Mayor Mike McGinn has transferred authority for the city's response to homeless campers out of the high-level Office of Policy Management and into the Human Services Department. There, the policies are under some revision: Homeless Intervention and Block Grant Administrator Al Poole says social-service outreach workers will visit nearly all campers before they are asked to move.
Poole says he is also requiring that written notice be posted at least 72 hours before every sweep on city property. Under the two-year-old encampment protocols, the city may sweep an area with no notice, and remove all items, after people have been observed camping there at least three times in a 60-day period.
City officials created multi-department administrative rules in April 2008 to deal with incidents of homeless people camping out on properties managed by the city Department of Transportation, the Parks Department, Seattle Public Utilities and other agencies. These rules, says Poole, are not being rewritten.

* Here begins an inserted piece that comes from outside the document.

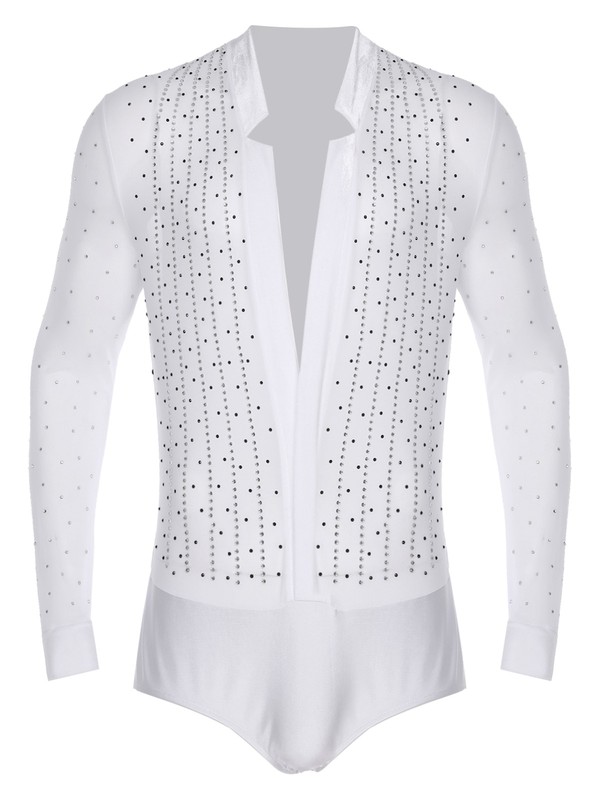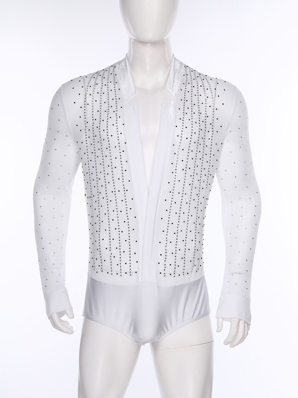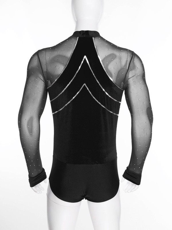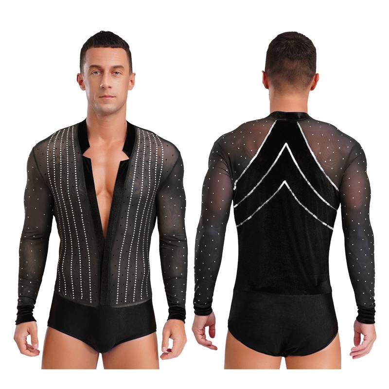 Sheer mesh and velvet patchwork with shiny rhinestones decoration bring a luxurious and glamorous feel, making you stand out on the dance floor.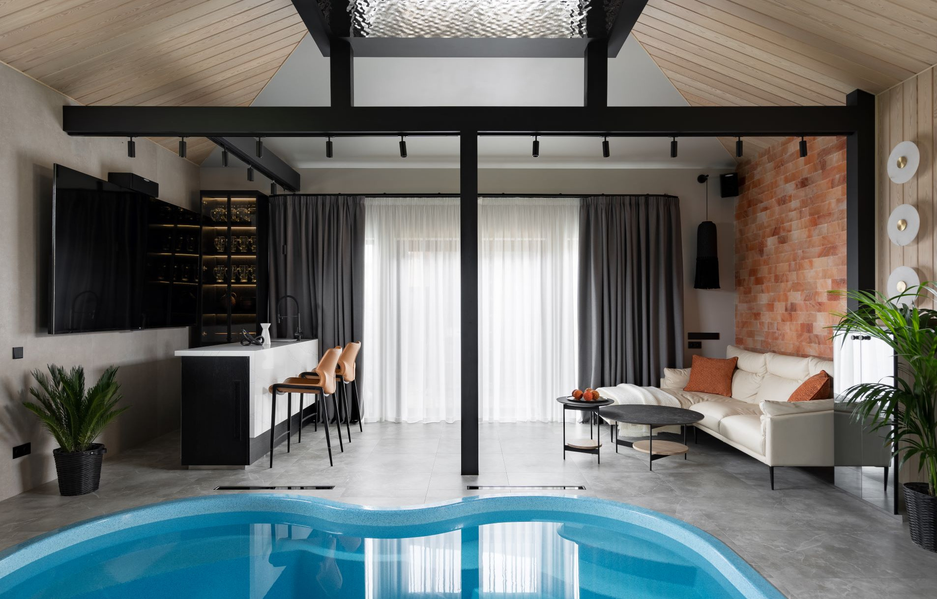 Дизайнер Ксения Гузий обустроила частный спа-комплекс для семейной пары, которая любит шумные вечеринки и теплые встречи с друзьями. Несмотря на скромную площадь в 60 кв. м, здесь нашлось место для всего, что нужно для отдыха и оздоровления. Дизайн выдержан в спокойной, минималистичной эстетике. За основу взята черно-белая палитра, разбавленная теплыми терракотовыми акцентами. Такой подход создает спокойный, не перегруженный фон, на котором яркие элементы смотрятся особенно выразительно.

"We won't be making changes to the basic legal [terms] but we can do a number of other things," he says, "and the mayor's office has indicated a willingness to do that."
Poole says that in the next three weeks he will convene a meeting of advocates for the homeless to take suggestions on how the city might change the encampment response.
"The whole thing is a work in progress; I do not expect to get where we want to be next week. A lot more outreach is being done now than was being done before."
Outreach workers offer homeless campers a berth at a 40-bed shelter in lower Queen Anne; city records show that the shelter has been at an average of 89 percent capacity since February 2009.
When the McGinn administration gave his department authority to manage the encampments, "They were very clear that they wanted Human Services to humanize the policy, but at the same time they did want to implement and continue the protocols."
The changes don't affect land controlled by the Washington State Department of Transportation, such as areas under or adjacent to freeways.
Poole says hearing complaints about urban campsites from local residents "has helped me have an understanding for the neighborhoods' point of view, to balance these interests."
Sometimes a small improvement -- getting a person to take up less sidewalk space, for instance, will make the complaints stop. "From that perspective, my real intent is to not let things get really bad so there's a major impact" on the homeless.
"So we're going to try to establish a protocol where we're working with it all the time on a consistent basis," he says. "I do hope that we get a policy that both the advocates and the people who care about the encampments can really respect."